Eddy Curry and Tyson Chandler can pity someone else these days. Perhaps a future teammate, Shareef Abdur-Rahim?
Curry and Chandler were known as losers for three years despite all sorts of extenuating circumstances on the Bulls. But nobody in the NBA, and no one this good, has lost like Portland’s Abdur-Rahim. He has been an All-Star and an Olympic gold-medal winner. But he has never been to the playoffs. The teams Abdur-Rahim has played for–Vancouver, Atlanta and Portland–are 213-481 in his eight seasons. That’s a winning percentage of .308. No one in the NBA has a poorer record.
Abdur-Rahim deserves better. He’s regarded as a hard worker and a good teammate. He’s an unrestricted free agent coming off a huge long-term contract that paid him $14 million this season. It seems as if he has finally had enough of the losing and losing teams.
“I’m frustrated, and I’m probably at my end with it,” he told Portland reporters last week. “My tolerance level is probably at its low point. At this point in my career, I really want to feel like I can win or have a chance to win for the next six, seven or eight years.”
Abdur-Rahim is one of the few true pros on the Portland team that is now 2-11 under interim coach Kevin Pritchard. The Blazers have gone back to playing more veterans since their insulting use of extras and rookies after the firing of Maurice Cheeks. But it’s still a franchise in disarray, and it’s unlikely Abdur-Rahim will re-sign. Not if he wants to be in the playoffs in this decade.

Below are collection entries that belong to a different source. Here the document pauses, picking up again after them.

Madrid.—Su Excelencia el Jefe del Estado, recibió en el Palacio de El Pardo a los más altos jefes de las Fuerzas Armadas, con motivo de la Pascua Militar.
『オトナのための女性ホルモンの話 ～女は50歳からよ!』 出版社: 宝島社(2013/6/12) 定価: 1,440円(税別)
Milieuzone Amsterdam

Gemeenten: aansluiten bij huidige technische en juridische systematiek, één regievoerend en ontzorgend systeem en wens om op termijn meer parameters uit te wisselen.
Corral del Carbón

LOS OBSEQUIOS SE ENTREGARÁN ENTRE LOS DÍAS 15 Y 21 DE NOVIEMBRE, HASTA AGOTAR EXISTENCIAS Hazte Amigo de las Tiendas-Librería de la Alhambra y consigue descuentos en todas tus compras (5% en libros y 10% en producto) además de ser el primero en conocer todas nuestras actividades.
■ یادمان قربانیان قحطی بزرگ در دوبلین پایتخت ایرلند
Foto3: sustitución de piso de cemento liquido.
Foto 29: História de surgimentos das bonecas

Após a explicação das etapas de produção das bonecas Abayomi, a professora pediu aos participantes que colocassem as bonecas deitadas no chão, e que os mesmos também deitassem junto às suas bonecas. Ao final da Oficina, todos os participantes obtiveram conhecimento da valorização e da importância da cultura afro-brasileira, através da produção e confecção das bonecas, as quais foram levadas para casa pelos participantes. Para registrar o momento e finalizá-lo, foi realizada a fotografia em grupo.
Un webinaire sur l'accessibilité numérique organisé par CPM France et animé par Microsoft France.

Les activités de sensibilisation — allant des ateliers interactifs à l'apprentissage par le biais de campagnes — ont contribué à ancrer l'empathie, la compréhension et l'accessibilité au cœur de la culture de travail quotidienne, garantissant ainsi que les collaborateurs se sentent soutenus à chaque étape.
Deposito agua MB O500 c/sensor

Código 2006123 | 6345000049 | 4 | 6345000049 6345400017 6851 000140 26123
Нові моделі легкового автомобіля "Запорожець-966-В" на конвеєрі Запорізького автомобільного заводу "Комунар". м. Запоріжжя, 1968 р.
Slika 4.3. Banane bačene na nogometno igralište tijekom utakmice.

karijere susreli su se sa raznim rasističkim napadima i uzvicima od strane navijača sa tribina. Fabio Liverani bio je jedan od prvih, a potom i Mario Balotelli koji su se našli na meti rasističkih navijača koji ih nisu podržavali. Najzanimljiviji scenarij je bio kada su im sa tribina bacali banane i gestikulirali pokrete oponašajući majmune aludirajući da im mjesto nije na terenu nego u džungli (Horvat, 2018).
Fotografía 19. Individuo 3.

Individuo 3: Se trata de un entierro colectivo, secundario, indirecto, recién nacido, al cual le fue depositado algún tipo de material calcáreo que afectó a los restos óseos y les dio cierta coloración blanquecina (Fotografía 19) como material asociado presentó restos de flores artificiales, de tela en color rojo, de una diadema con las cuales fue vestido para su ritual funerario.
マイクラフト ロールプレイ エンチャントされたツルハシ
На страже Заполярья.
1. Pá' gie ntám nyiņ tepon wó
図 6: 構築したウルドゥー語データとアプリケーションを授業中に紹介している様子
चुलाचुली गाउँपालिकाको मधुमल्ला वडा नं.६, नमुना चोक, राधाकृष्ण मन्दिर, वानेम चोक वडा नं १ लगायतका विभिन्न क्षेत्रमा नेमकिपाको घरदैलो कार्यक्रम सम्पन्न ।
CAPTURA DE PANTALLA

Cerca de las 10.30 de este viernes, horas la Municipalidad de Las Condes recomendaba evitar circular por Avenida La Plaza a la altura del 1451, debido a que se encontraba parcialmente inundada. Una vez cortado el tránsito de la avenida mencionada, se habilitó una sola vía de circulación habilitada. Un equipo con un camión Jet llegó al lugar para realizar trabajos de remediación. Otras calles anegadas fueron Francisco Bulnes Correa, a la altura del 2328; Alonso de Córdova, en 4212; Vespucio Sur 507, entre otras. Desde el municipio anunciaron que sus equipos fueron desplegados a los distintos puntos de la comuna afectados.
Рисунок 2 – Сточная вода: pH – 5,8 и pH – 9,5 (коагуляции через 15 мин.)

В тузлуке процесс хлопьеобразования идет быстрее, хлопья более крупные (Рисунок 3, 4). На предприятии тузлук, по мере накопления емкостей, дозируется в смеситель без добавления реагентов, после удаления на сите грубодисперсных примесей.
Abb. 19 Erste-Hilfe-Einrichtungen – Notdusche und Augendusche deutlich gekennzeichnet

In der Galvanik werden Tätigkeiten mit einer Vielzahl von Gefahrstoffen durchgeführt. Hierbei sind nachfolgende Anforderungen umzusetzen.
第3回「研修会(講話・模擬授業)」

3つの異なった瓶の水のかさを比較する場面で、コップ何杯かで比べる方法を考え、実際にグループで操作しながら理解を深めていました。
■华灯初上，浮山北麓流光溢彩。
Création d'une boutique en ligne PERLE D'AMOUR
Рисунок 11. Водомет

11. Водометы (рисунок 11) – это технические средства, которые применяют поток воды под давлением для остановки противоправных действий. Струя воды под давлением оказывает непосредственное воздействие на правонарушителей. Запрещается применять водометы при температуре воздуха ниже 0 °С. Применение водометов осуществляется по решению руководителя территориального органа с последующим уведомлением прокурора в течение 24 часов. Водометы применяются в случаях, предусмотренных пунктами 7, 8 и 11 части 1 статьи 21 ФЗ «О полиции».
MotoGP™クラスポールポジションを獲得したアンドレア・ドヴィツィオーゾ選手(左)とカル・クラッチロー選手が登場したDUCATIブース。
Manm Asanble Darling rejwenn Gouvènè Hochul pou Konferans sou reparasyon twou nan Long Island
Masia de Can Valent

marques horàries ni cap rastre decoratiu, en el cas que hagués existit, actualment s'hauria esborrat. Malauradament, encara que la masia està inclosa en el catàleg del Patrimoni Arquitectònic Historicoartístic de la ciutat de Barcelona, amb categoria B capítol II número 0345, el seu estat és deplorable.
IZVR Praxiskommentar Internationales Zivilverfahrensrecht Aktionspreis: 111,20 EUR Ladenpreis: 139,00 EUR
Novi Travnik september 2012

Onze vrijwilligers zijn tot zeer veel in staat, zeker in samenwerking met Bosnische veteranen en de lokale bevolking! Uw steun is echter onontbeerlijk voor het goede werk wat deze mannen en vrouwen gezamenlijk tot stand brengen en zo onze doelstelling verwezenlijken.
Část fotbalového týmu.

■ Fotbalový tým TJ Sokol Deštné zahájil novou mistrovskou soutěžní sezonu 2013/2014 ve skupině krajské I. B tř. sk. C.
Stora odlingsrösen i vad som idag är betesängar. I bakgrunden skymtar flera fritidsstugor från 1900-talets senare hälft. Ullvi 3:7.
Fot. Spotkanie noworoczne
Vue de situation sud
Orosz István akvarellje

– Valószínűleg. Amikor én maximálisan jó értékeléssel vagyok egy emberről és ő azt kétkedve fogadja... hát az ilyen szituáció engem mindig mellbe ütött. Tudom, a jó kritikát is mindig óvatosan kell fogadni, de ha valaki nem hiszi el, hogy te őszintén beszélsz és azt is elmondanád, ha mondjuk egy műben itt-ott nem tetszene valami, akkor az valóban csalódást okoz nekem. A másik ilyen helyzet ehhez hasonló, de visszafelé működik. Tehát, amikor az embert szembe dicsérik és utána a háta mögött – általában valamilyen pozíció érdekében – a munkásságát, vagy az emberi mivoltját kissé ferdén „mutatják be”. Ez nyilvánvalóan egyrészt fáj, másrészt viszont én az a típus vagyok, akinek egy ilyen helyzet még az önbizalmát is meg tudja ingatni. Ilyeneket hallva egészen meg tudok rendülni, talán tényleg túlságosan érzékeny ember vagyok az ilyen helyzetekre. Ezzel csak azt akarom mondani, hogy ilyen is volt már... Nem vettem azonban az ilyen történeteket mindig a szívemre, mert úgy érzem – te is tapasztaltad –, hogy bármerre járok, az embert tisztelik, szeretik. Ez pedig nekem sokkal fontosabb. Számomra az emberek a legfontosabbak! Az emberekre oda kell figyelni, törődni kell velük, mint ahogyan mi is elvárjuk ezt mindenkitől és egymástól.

Enter the Bulls. They won’t have a No. 1 draft pick this season and won’t be under the salary cap. How do they get better? It’s likely there will be some kind of veteran’s exception of about $5 million in the new collective-bargaining agreement, as there is now. What a perfect marriage.
The Bulls have one true fourth-quarter scorer in Ben Gordon, and he’s only a rookie. They need a big shooting guard and a power forward who can score. The 6-foot-9-inch Abdur-Rahim averaged 20.1 points and 8.2 rebounds entering this season. Despite the chaos in Portland, he is averaging 20.8 since Cheeks was fired. He recently had 25 points and 13 rebounds against first-place Phoenix and a nice 22-point, 10-rebound audition when the Bulls were in Portland earlier this month.
And he’s only 28, having entered the league after one season at Cal.
The Bulls are a franchise headed in the direction Abdur-Rahim never has been. He’s not about to get a huge contract from a team under the salary cap; the hot free agents are shooting guards Ray Allen, Joe Johnson and Larry Hughes. The teams that are well under the salary cap figure to be losers. He could be one of those next-level pieces for a team like the Bulls.
As Curry said Saturday, smiling on the way to his first playoff: “Every now and then I take a look at the standings. You don’t want to put pressure on yourself, but you can’t help looking to see who’s where and who you might face in the playoffs. Especially for me going through so much [losing], it’s amazing to see the position we’re in.”
Memphis Blues
Despite their turnaround under coach Mike Fratello, the Memphis Grizzlies are in danger of falling out of the playoffs in the Western Conference.
The Grizzlies, who’ll play the Bulls on Monday night at the United Center, have been a great story. Fratello took over for Hubie Brown when the team was 5-11, and it’s 39-29 now. Fratello is making a lot of NBA owners regret not hiring him while he worked on TV.
“It’s not vindication; it’s more of a thankfulness,” he said. “Otherwise I’d still be stuck next to Marv [Albert].”
Fratello is proving again to be one of the game’s elite coaches no matter his personnel, having recently surpassed 600 career wins. He’s being talked about as a coach-of-the-year candidate along with George Karl, who is 21-5 since taking over in Denver. No one has ever been voted coach of the year for less than a full season.
The Grizzlies have been devastated by injuries to core players like Pau Gasol, Stromile Swift, Jason Williams, Bonzi Wells and James Posey. But Denver is coming fast and should pass them soon for seventh in the West, and Minnesota is on the move as well.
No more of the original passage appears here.